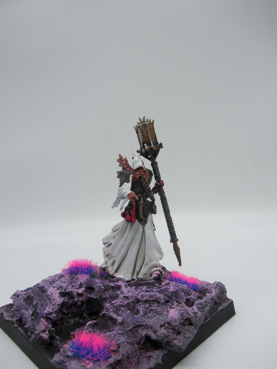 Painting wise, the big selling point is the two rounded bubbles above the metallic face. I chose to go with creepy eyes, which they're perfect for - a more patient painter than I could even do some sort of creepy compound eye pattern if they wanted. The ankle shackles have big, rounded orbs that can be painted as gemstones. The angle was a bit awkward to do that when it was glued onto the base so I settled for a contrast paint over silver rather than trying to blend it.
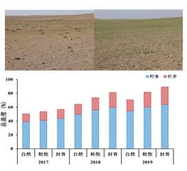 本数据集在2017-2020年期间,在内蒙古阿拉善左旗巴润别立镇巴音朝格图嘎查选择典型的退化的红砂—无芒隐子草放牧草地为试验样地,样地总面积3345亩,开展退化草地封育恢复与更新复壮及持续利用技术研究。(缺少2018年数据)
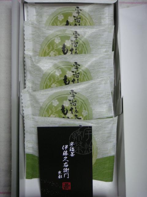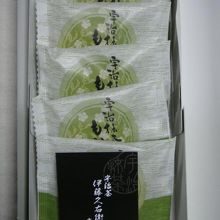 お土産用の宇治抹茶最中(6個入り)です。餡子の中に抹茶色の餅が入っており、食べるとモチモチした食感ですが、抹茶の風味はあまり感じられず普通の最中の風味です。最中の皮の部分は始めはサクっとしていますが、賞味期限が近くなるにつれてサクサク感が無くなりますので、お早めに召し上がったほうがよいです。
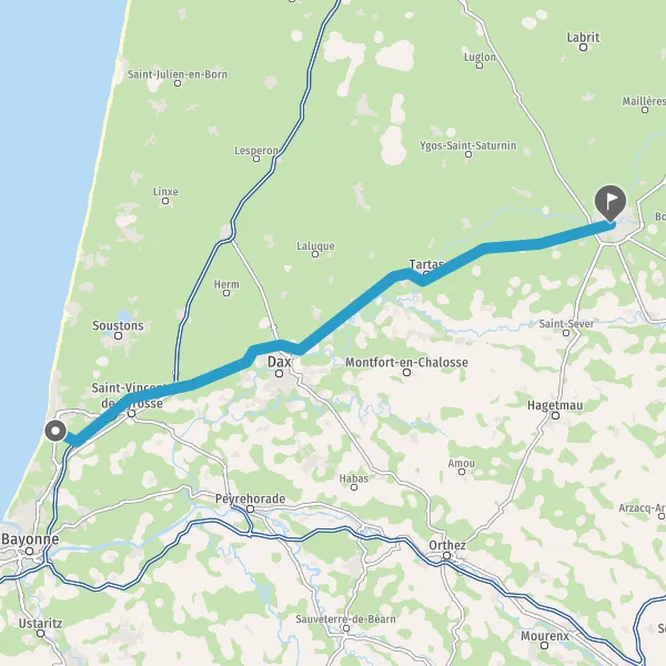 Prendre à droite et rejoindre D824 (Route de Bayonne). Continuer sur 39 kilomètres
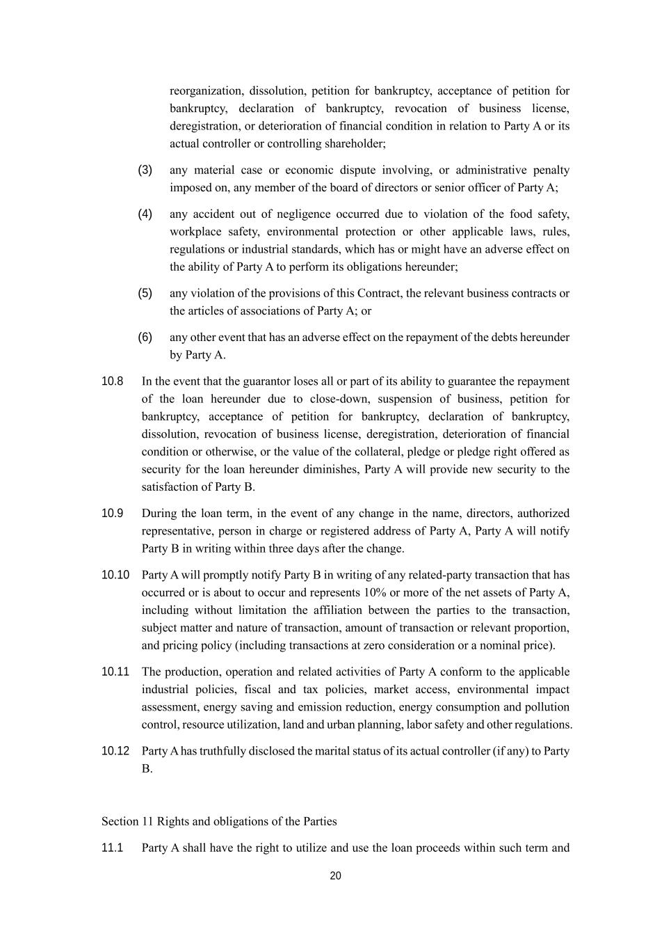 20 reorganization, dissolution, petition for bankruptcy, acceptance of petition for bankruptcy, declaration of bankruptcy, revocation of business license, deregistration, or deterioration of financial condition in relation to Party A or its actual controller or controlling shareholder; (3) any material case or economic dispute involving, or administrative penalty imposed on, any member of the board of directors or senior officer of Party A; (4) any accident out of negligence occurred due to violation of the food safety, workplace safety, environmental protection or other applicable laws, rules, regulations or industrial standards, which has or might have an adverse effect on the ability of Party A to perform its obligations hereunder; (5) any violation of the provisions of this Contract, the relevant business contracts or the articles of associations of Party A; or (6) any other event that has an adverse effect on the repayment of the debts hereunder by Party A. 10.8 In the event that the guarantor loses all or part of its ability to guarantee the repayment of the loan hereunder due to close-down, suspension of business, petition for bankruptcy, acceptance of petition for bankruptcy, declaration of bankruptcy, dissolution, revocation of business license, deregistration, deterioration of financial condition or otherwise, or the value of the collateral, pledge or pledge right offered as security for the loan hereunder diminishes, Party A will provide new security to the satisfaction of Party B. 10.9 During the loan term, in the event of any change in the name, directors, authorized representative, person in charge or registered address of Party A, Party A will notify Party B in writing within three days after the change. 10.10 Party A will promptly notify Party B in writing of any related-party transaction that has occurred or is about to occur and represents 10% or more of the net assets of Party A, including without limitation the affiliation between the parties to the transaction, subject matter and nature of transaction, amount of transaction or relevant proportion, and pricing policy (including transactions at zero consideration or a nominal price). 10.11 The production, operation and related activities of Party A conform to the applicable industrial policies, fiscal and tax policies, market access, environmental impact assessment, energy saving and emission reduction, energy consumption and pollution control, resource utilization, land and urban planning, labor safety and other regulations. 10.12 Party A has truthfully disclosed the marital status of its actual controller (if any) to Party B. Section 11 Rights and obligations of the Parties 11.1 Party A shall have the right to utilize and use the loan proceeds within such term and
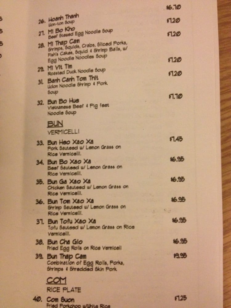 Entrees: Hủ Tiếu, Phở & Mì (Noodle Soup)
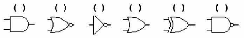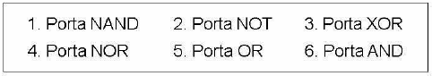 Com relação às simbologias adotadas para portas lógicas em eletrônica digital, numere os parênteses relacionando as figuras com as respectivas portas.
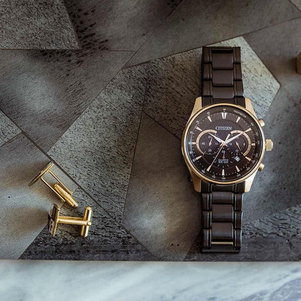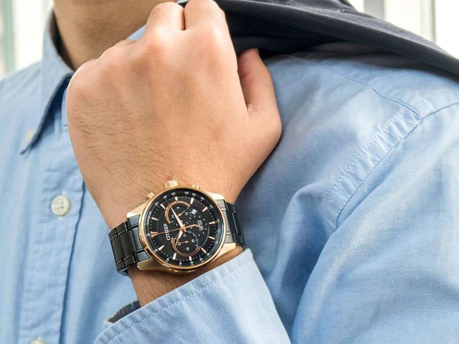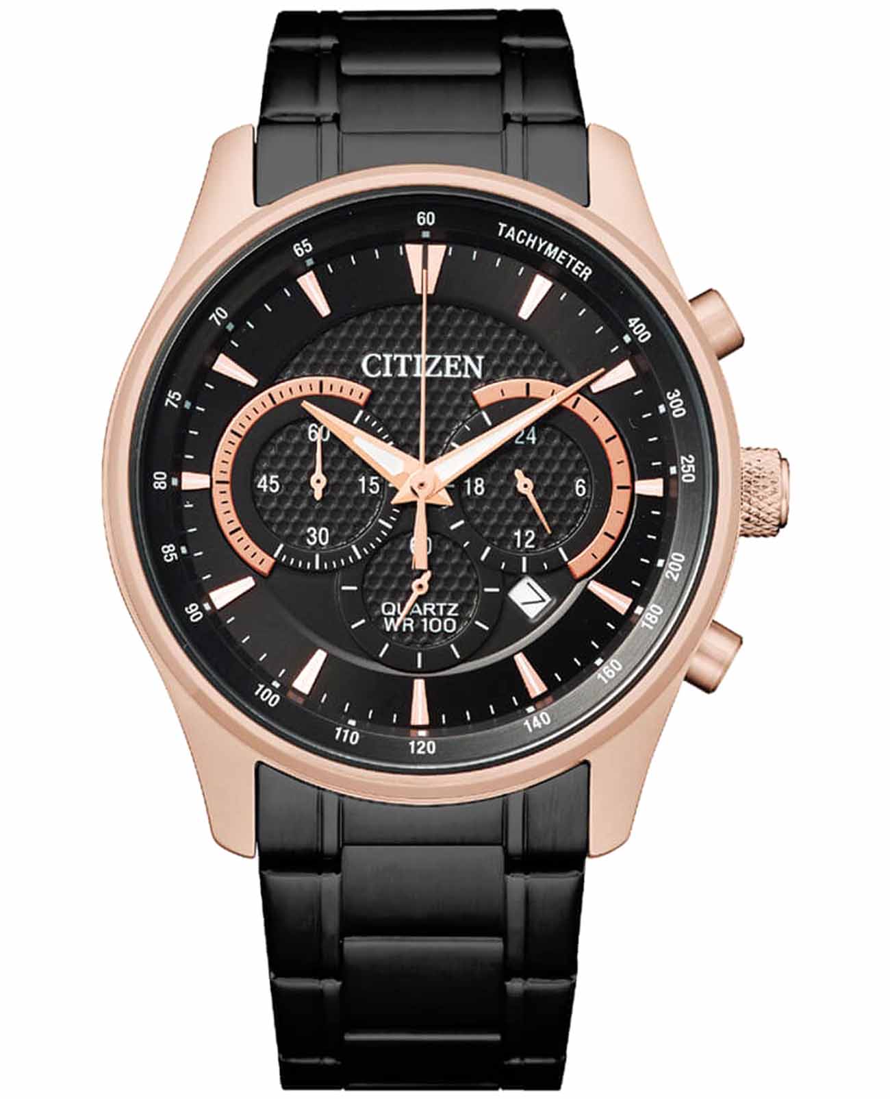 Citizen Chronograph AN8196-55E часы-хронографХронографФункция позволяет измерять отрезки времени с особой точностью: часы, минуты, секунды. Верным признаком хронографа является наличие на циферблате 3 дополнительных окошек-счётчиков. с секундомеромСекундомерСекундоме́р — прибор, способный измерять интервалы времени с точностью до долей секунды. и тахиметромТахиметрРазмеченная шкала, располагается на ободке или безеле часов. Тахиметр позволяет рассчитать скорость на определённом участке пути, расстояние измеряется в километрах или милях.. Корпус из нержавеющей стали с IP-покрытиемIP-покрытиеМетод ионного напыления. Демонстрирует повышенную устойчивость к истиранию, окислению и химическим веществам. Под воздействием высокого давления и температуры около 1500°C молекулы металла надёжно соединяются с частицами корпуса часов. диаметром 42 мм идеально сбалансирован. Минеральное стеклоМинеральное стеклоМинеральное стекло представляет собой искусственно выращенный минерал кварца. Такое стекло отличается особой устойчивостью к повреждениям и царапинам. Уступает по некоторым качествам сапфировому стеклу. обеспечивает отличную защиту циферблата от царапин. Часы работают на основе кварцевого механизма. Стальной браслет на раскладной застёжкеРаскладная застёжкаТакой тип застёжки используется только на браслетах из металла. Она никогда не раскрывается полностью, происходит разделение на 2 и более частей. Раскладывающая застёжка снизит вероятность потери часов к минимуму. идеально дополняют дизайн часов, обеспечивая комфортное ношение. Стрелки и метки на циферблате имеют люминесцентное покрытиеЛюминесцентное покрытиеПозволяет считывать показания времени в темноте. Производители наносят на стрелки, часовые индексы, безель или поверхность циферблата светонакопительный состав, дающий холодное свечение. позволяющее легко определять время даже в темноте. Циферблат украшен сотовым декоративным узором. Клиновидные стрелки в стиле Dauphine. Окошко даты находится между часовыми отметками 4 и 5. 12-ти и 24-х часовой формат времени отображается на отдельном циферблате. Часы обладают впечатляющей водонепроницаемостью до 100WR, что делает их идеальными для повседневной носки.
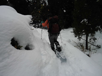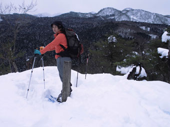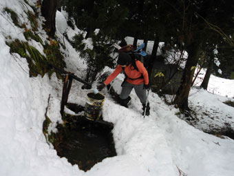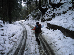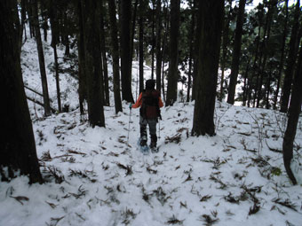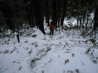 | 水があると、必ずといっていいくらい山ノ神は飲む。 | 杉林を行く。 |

**********

◆ **Work order**: The task calls for duplicating the data exactly, with no images kept.

◆ **Your solution**:
 Painting wise, the big selling point is the two rounded bubbles above the metallic face. I chose to go with creepy eyes, which they're perfect for - a more patient painter than I could even do some sort of creepy compound eye pattern if they wanted. The ankle shackles have big, rounded orbs that can be painted as gemstones. The angle was a bit awkward to do that when it was glued onto the base so I settled for a contrast paint over silver rather than trying to blend it.
 本数据集在2017-2020年期间,在内蒙古阿拉善左旗巴润别立镇巴音朝格图嘎查选择典型的退化的红砂—无芒隐子草放牧草地为试验样地,样地总面积3345亩,开展退化草地封育恢复与更新复壮及持续利用技术研究。(缺少2018年数据)
 お土産用の宇治抹茶最中(6個入り)です。餡子の中に抹茶色の餅が入っており、食べるとモチモチした食感ですが、抹茶の風味はあまり感じられず普通の最中の風味です。最中の皮の部分は始めはサクっとしていますが、賞味期限が近くなるにつれてサクサク感が無くなりますので、お早めに召し上がったほうがよいです。
 Prendre à droite et rejoindre D824 (Route de Bayonne). Continuer sur 39 kilomètres
 20 reorganization, dissolution, petition for bankruptcy, acceptance of petition for bankruptcy, declaration of bankruptcy, revocation of business license, deregistration, or deterioration of financial condition in relation to Party A or its actual controller or controlling shareholder; (3) any material case or economic dispute involving, or administrative penalty imposed on, any member of the board of directors or senior officer of Party A; (4) any accident out of negligence occurred due to violation of the food safety, workplace safety, environmental protection or other applicable laws, rules, regulations or industrial standards, which has or might have an adverse effect on the ability of Party A to perform its obligations hereunder; (5) any violation of the provisions of this Contract, the relevant business contracts or the articles of associations of Party A; or (6) any other event that has an adverse effect on the repayment of the debts hereunder by Party A. 10.8 In the event that the guarantor loses all or part of its ability to guarantee the repayment of the loan hereunder due to close-down, suspension of business, petition for bankruptcy, acceptance of petition for bankruptcy, declaration of bankruptcy, dissolution, revocation of business license, deregistration, deterioration of financial condition or otherwise, or the value of the collateral, pledge or pledge right offered as security for the loan hereunder diminishes, Party A will provide new security to the satisfaction of Party B. 10.9 During the loan term, in the event of any change in the name, directors, authorized representative, person in charge or registered address of Party A, Party A will notify Party B in writing within three days after the change. 10.10 Party A will promptly notify Party B in writing of any related-party transaction that has occurred or is about to occur and represents 10% or more of the net assets of Party A, including without limitation the affiliation between the parties to the transaction, subject matter and nature of transaction, amount of transaction or relevant proportion, and pricing policy (including transactions at zero consideration or a nominal price). 10.11 The production, operation and related activities of Party A conform to the applicable industrial policies, fiscal and tax policies, market access, environmental impact assessment, energy saving and emission reduction, energy consumption and pollution control, resource utilization, land and urban planning, labor safety and other regulations. 10.12 Party A has truthfully disclosed the marital status of its actual controller (if any) to Party B. Section 11 Rights and obligations of the Parties 11.1 Party A shall have the right to utilize and use the loan proceeds within such term and
 Entrees: Hủ Tiếu, Phở & Mì (Noodle Soup)
 Com relação às simbologias adotadas para portas lógicas em eletrônica digital, numere os parênteses relacionando as figuras com as respectivas portas.
 Citizen Chronograph AN8196-55E часы-хронографХронографФункция позволяет измерять отрезки времени с особой точностью: часы, минуты, секунды. Верным признаком хронографа является наличие на циферблате 3 дополнительных окошек-счётчиков. с секундомеромСекундомерСекундоме́р — прибор, способный измерять интервалы времени с точностью до долей секунды. и тахиметромТахиметрРазмеченная шкала, располагается на ободке или безеле часов. Тахиметр позволяет рассчитать скорость на определённом участке пути, расстояние измеряется в километрах или милях.. Корпус из нержавеющей стали с IP-покрытиемIP-покрытиеМетод ионного напыления. Демонстрирует повышенную устойчивость к истиранию, окислению и химическим веществам. Под воздействием высокого давления и температуры около 1500°C молекулы металла надёжно соединяются с частицами корпуса часов. диаметром 42 мм идеально сбалансирован. Минеральное стеклоМинеральное стеклоМинеральное стекло представляет собой искусственно выращенный минерал кварца. Такое стекло отличается особой устойчивостью к повреждениям и царапинам. Уступает по некоторым качествам сапфировому стеклу. обеспечивает отличную защиту циферблата от царапин. Часы работают на основе кварцевого механизма. Стальной браслет на раскладной застёжкеРаскладная застёжкаТакой тип застёжки используется только на браслетах из металла. Она никогда не раскрывается полностью, происходит разделение на 2 и более частей. Раскладывающая застёжка снизит вероятность потери часов к минимуму. идеально дополняют дизайн часов, обеспечивая комфортное ношение. Стрелки и метки на циферблате имеют люминесцентное покрытиеЛюминесцентное покрытиеПозволяет считывать показания времени в темноте. Производители наносят на стрелки, часовые индексы, безель или поверхность циферблата светонакопительный состав, дающий холодное свечение. позволяющее легко определять время даже в темноте. Циферблат украшен сотовым декоративным узором. Клиновидные стрелки в стиле Dauphine. Окошко даты находится между часовыми отметками 4 и 5. 12-ти и 24-х часовой формат времени отображается на отдельном циферблате. Часы обладают впечатляющей водонепроницаемостью до 100WR, что делает их идеальными для повседневной носки.
 | 水があると、必ずといっていいくらい山ノ神は飲む。 | 杉林を行く。 |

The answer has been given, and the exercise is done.